They have moved into an apartment next to that of Mme. de Villeparisis in the Hôtel de Guermantes, and the narrator finds his imagination running wild at the magic name of Guermantes. He is also having "Proustian moments":
[S]hould a sensation from the distant past ... enable our memory to make us hear that name with the particular tone it then had for our ears, even if the name seems not to have changed, we can still feel the distance between the various dreams which its unchanging syllables evoked for us in turn. For a second, rehearing the warbling from some distant springtime, we can extract from it, as from the little tubes of color used in painting, the precise tint -- forgotten, mysterious, and fresh -- of the days we thought we remembered when, like bad painters, we were in fact spreading our whole past on a single canvas and painting it with the conventional monochrome of voluntary memory.
That distinction between "voluntary memory" and the spontaneous memories evoked by an unsolicited external sensation (like, say, the taste of a madeleine) is central to Proust. And so the narrator goes into a reverie of Combray and the romantic vision of the "proud race of the Guermantes," dating from "a time when the sky was still empty in those places where Notre-Dame de Paris and Notre-Dame de Chartres were later to rise" that filled his childhood.
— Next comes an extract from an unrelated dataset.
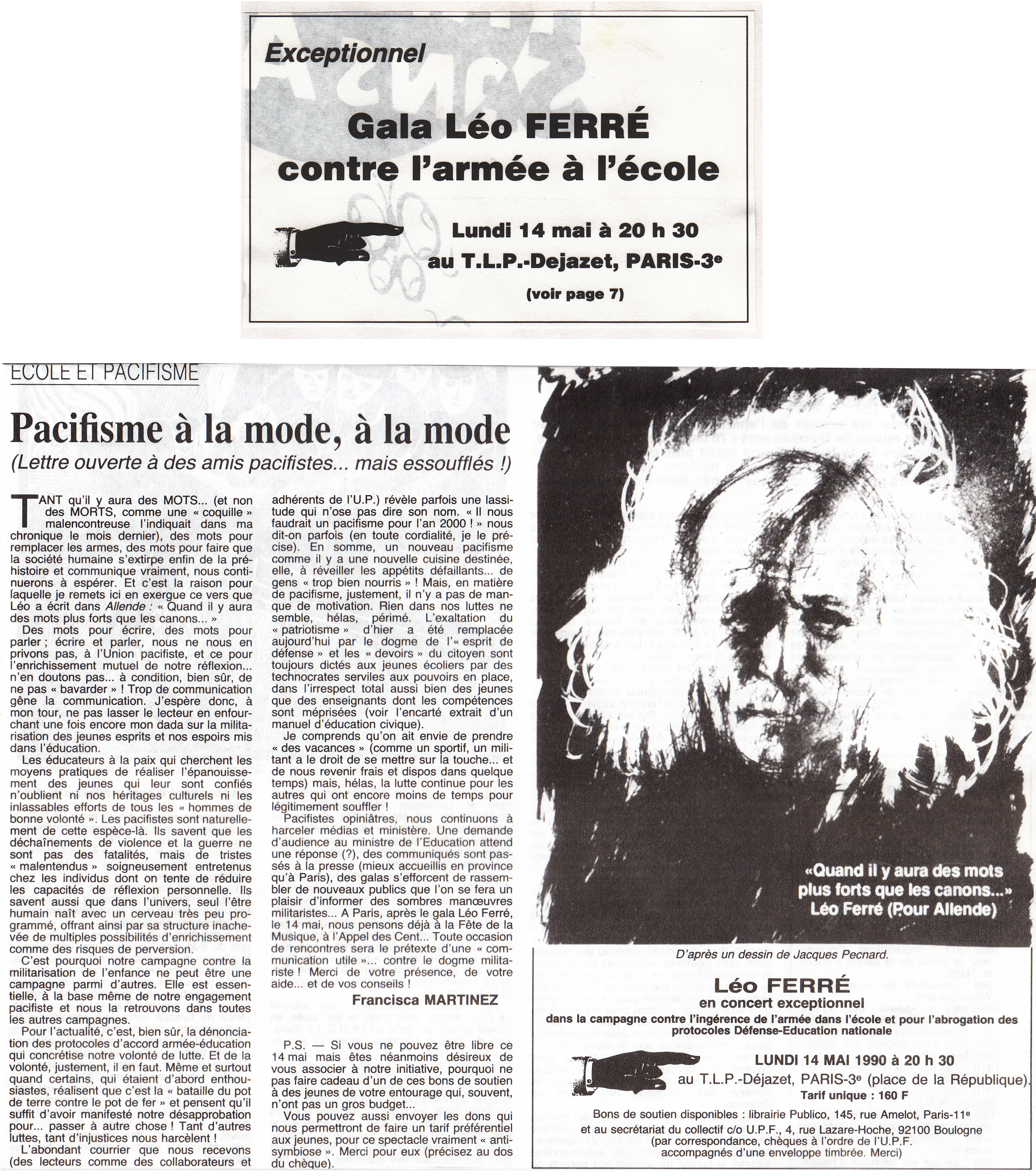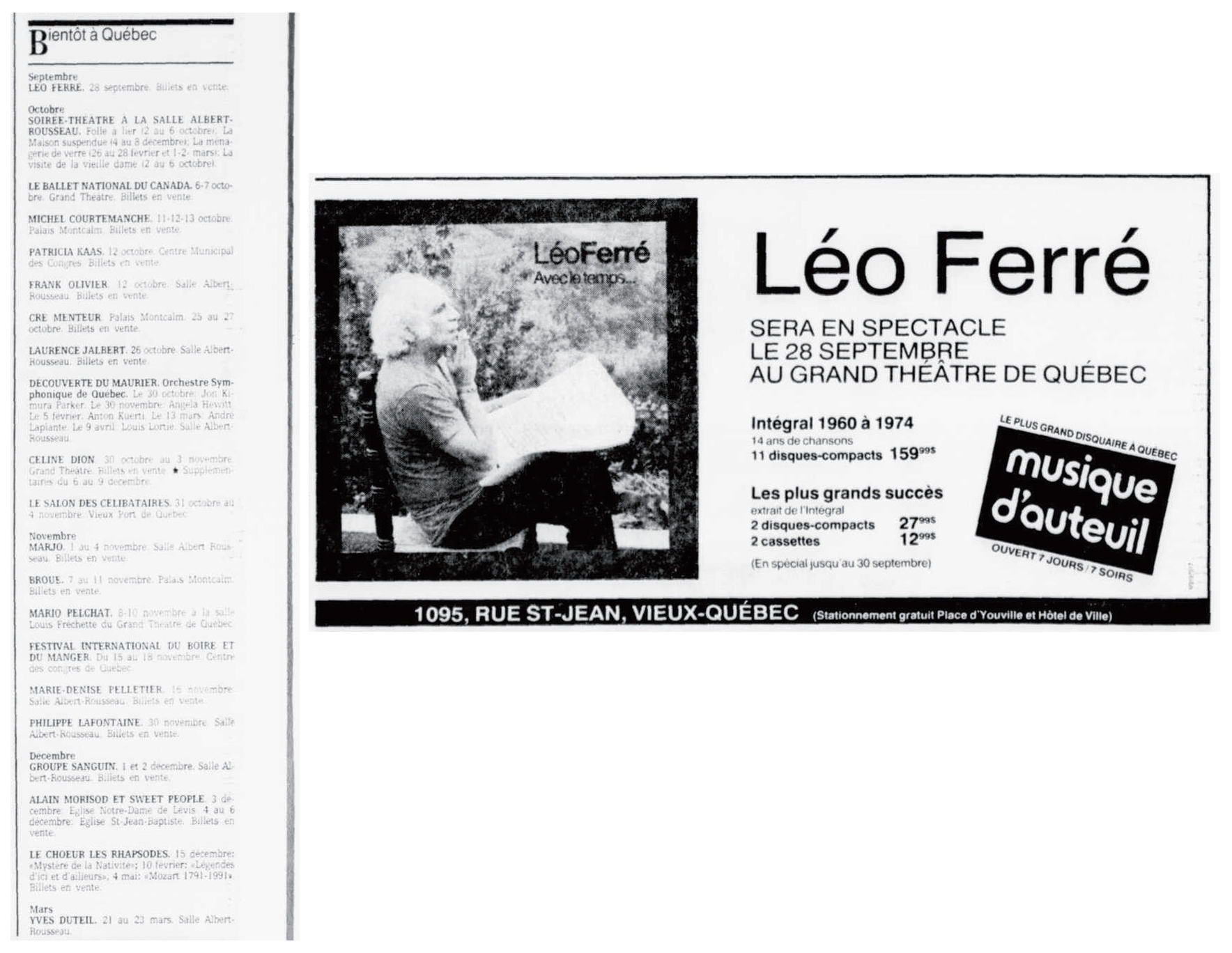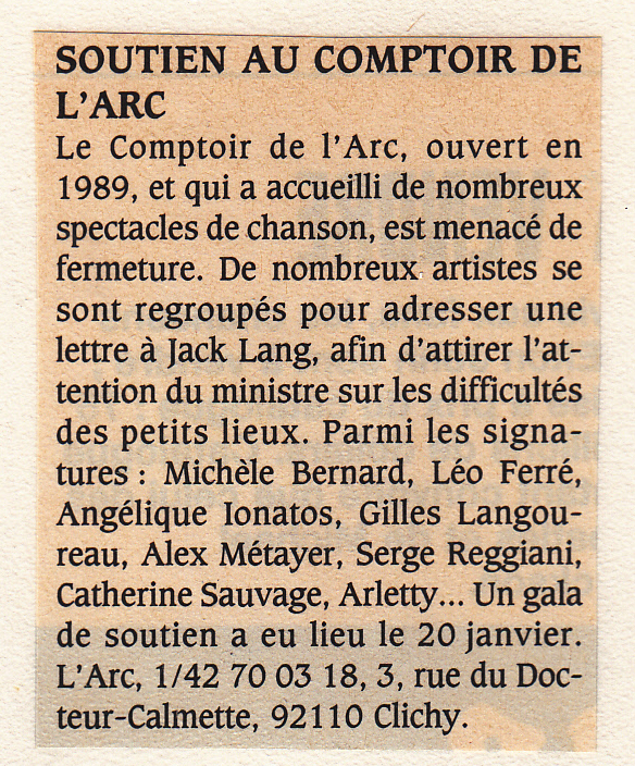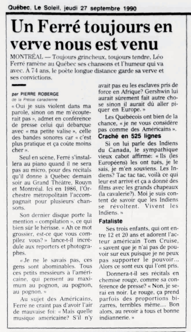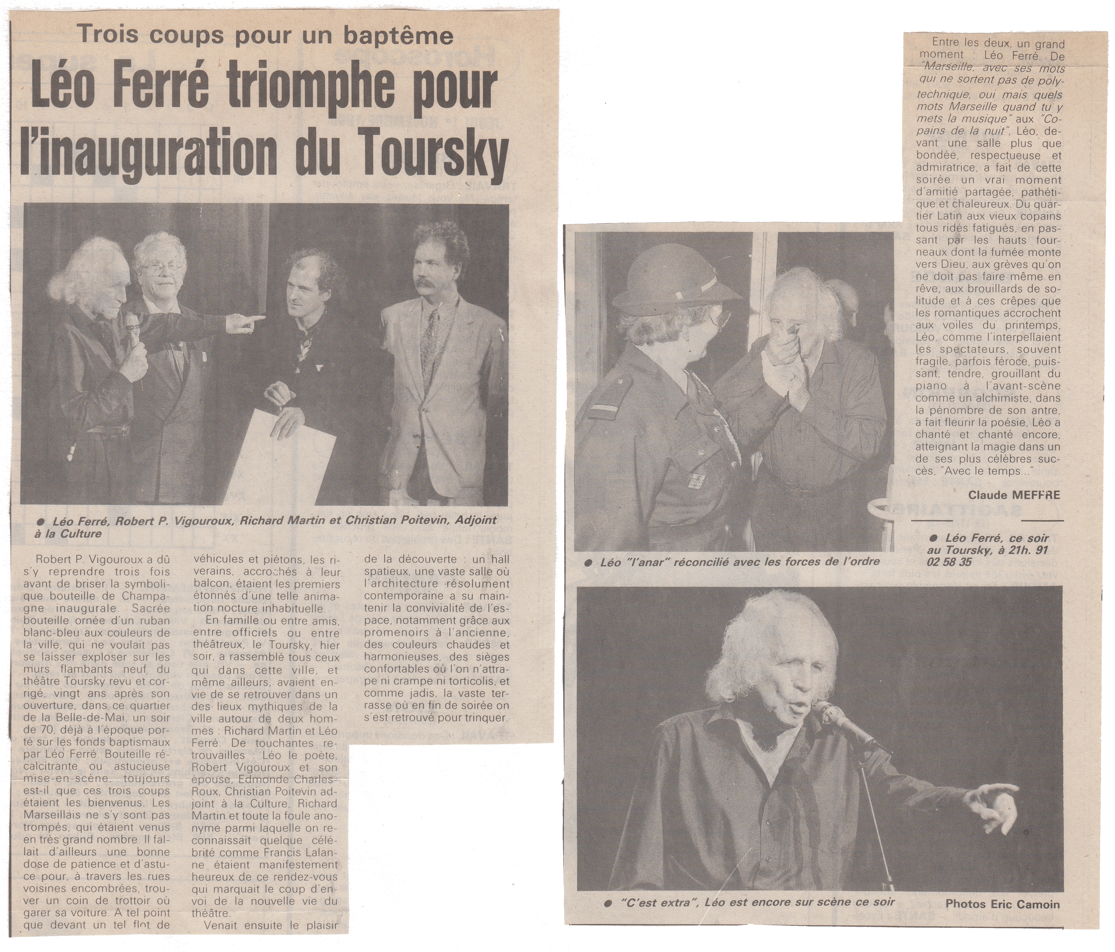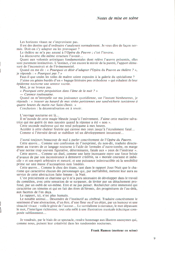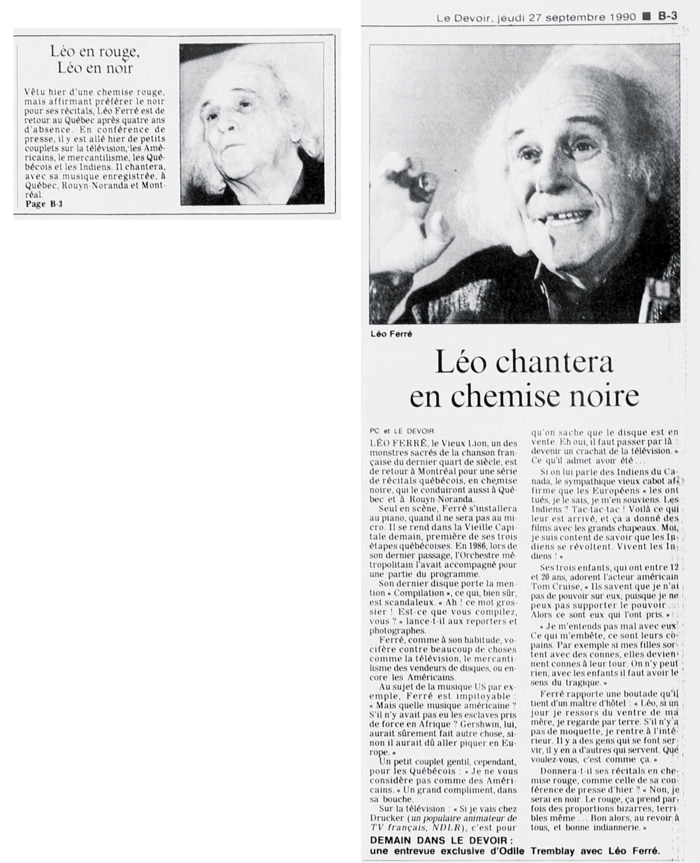 02 au 25.11 : Programme regroupant le récital de Léo Ferré et L'Opéra du pauvre (nouvelle version) par le Zygom Théâtre (mise en scène de Frank Ramon) du 27 novembre au 9 décembre 1990

But Saint-Loup, who belongs to the Guermantes lineage, points out that "the house [near Combray] had borne the name only since the seventeenth century" and that the "famous Guermantes tapestries ... were by Boucher, acquired in the nineteenth century by a Guermantes with artistic tastes and hung, along with mediocre hunting scenes that he had painted himself, in a particularly ugly drawing room." Still, to be living now in the Hôtel de Guermantes, where an actual Duchesse de Guermantes also resides, awakens his romanticism. 

Françoise, too, makes the adjustment to the new residence. "Françoise, like those plants that are completely attached to a particular animal and nourished by that animal with food it catches, eats, and digests for them, offering it to them in its final and easily assimilable residue, lived with us symbiotically." She makes the rules for the household, and no one, not even the narrator's father, dares to break them. We also meet M. Jupien, the former waistcoat maker whose niece runs a dressmaking shop that he owns, adjacent to the hôtel, and whom Françoise, "always ready to assimilate new names into the ones she already knew," calls "Julien." The section concludes with Françoise in her element belowstairs.